The retrieval step searches all indexed chunks regardless of user session. If your Wagtail site has restricted pages (behind page_permissions or a paywall), filter the queryset in retrieve() by pages the current user can access before running the vector search.

Index freshness monitoring

Track the last indexed timestamp per page in PageEmbedding and expose a /api/rag-health/ endpoint that reports pages published after their last embed. A simple Celery beat task can alert you when the index drifts more than an hour behind live content.

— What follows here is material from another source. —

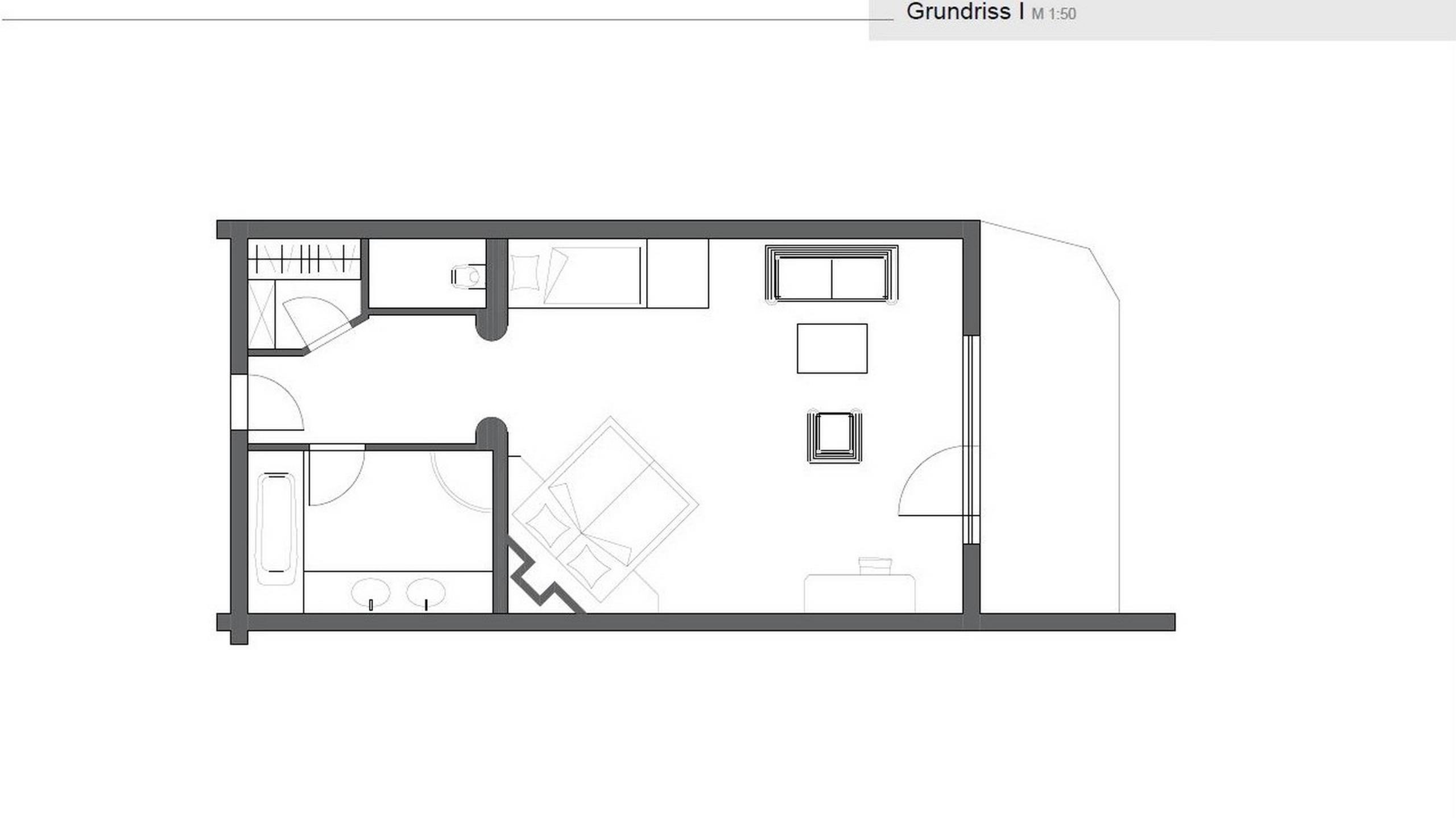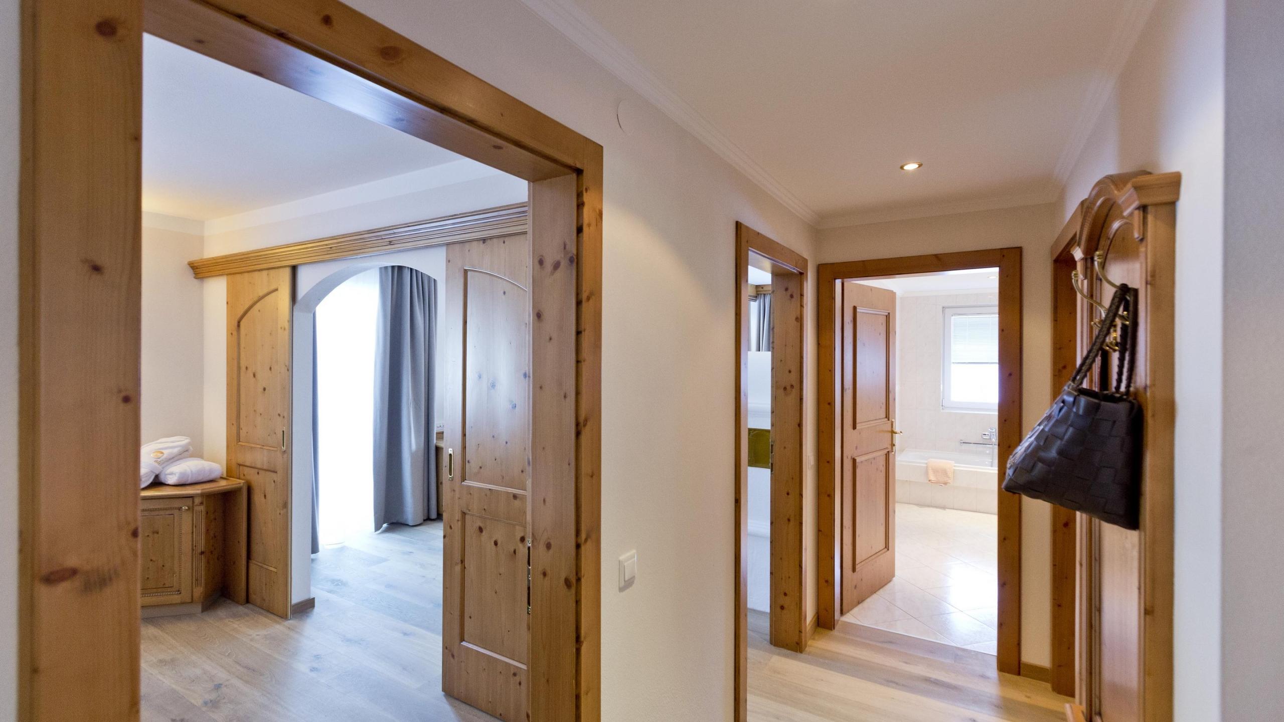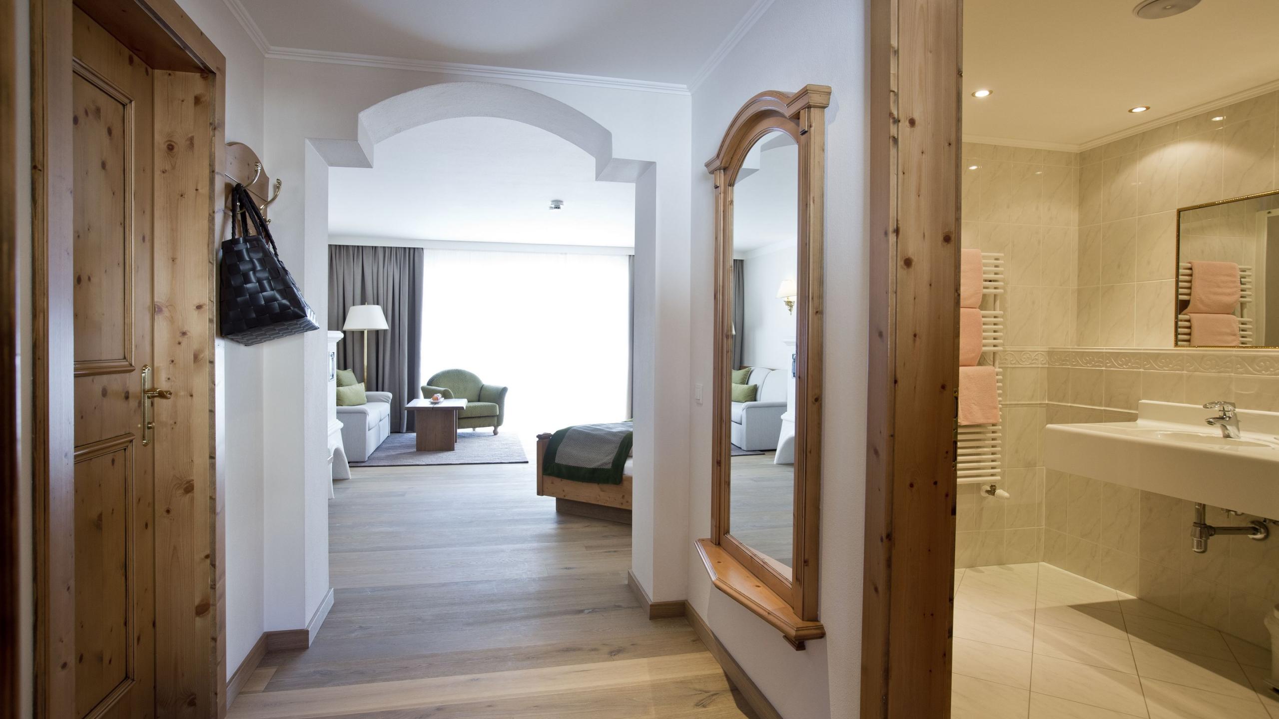 Suite deluxe in modern country house style with wooden floor, bedroom, spacious sitting area with tiled stove, walk-in closet, south-facing balcony, TV, minibar, telephone, and safe. Bathroom with bathtub, shower, and separate WC.

Choose the right chunk size for your content

The 400-word default works well for blog posts and documentation. For product pages with lots of short bullet points, shrink to 150–200 words. For long legal or policy documents, go up to 600–800 words. Measure retrieval quality by checking whether the correct page appears in the top 3 results for a set of known test questions.


Wrapping Up

The full pipeline — extract, chunk, embed, retrieve, generate — is around 200 lines of Python with no specialised ML frameworks. pgvector keeps everything inside the Postgres database you already run, and Wagtail signals keep the index current without any manual intervention after the initial build.

The parts that repay the most attention in production are the system prompt (keep the model grounded in context), the distance threshold (filter out irrelevant chunks rather than injecting noise), and rate limiting (LLM generation costs add up fast at scale). Get those three right and you have a genuinely useful chat interface over your CMS content — one that stays accurate as editors update pages, with zero retraining required.